Pretend you're a philanthropist who wants to spend millions.

Is it even possible to get one up and running? Are there private observatories that researchers use? (Obviously there are private observatories)

What steps does it take to get one operational?

In case you're wondering, I have an extra $100 000 000 sitting around :)

Pete

matt.o
2010-Nov-23, 05:35 AM
The Keck telescopes were originally funded mainly by the W.M. Keck foundation (http://www.wmkeck.org/), which I guess counts as a private organisation. Not sure of the funding now, but I think a some, if not all, is provided by donations.

ngc3314
2010-Nov-23, 01:33 PM
The closest model for a private observatory which is not operated by the organization hiring the astronomers (i.e. Lowell, Las Campanas, Palomar...) is probably the Tenegra Observatory (http://www.tenagraobservatories.com/), whose brochures advertise the finest in commercial telescope time. The sample data do look good, but then I can't think of anyone else making a living at the moment by selling telescope time. The listed costs are in line with paying the bills - the SARA consortium, for example, manages to operate its telescopes for a bit less, but the observer has to run them remotely and we didn't have to buy the telescopes to begin with (although refitting for remote ops has not been cheap).

Some observatories do the equivalent to keep themselves running (Palomar, some NOAO telescopes). This has been a tough sell for astronomers because of the legacy of generations of doing your own data collection (and spending years honing one's craft in every detail of telescope and instrument operation), but now in the era of automated acquisition, guiding, weather monitoring.. the observer's presence has a less and less direct bearing on the data quality.

The alert reader wll notice that it sounds a lot like space astronomy. I have heard of conversations between X-ray and optical astronomers more or less like:
XRA: "Still pointlessly traipsing halfway around the world for your photons instead of just using ftp, I see."
OA: "But of course. Why else would I ever have wanted to do this for a living?"

I hasten to add that the key is the observing experience itself, not the traipsing around the planet.

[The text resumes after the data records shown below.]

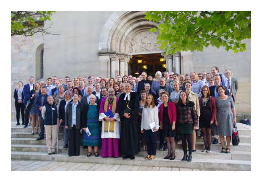
Image 4: Members of BETH and the two German theological library associations, AKThB and VkwB, at their joint meeting in Heilsbronn in 2018.

which is to help people, notably children, of different origins to learn about one another's religion by creating a Cartonera book together. Many European librarians and library associations were and are still involved in the work of RELINDIAL. It is hoped that the important work which has begun will continue successfully in the future.
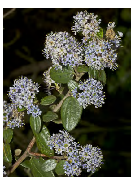
JIM BRUSH (Ceanothus oliganthus var. sorediatus) Native Perennial - Buckthorn Family -(Jan-May) - Slopes, ridges, chaparral, conifer forest - Shrub/tree < 11.5' tall. Twigs red-brown. Leaves alternate, 3 main veins. Flowers blue, purple-blue or whitish.
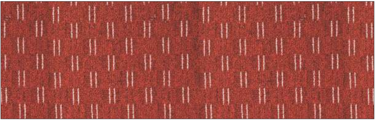
2 LINE - MEHROON
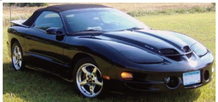
1998 Trans Am

In 1998 the LT1 engine was discontinued and the LS1 all-aluminum engine from the Corvette was used. The new engine featured 305 horsepower in standard form and 320 horsepower with Ram Air. The front fascia was changed and a new domed and scooped hood was added for a more aggressive appearance.
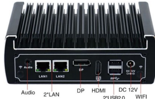
Audio 2*LAN DP HDMI 2*USB2.0 DC 12V WIFI
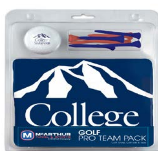
Hole- in-One Golf Set
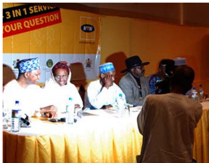
Panel at the launch event, 20 November 2007

Launch of MyQ and MyA on mobiles: The two services were launched 20 November 2007 at a high profile event in Abuja. The service has taken off more than we anticipated with over 11,000 texts received by January 20 th . See page two for more.
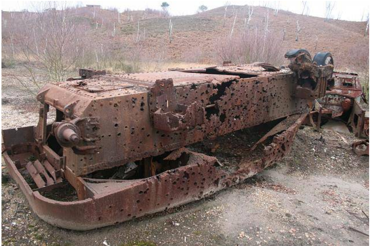
"rog8811", 2007 - <u>http://hmvf.co.uk/forumvb/album.php?albumid=347</u>

Astronomers of no less stature than Sandy Faber and Allan Sandage remarked on the almost mystical sense of conection one can feel with the Universe. A part of that, with some imagination, survives transmission over the internet.

(Clarifying note - most references in a research context to private observatories mean "as distinct from run under government agreement and open to any qualifying astronomer", which would include Kittt Peak, Cerro Tololo, ESO, etc. Thus Keck, Palomar, Steward, McDonald would fall under "private", although each is operated by a university and some by state universities.)

rommel543
2010-Nov-30, 05:40 PM
Just give the money to me and I'll take care of it for you :)

rommel543
2010-Dec-06, 03:16 PM
Here is something that you may be interested in reading:

http://www.space.com/news/asteroid-impact-early-warning-system-101203.html

Moose
2010-Dec-06, 09:25 PM
Step one: Give some to Moose.
Step two: ?
Step three: Profit.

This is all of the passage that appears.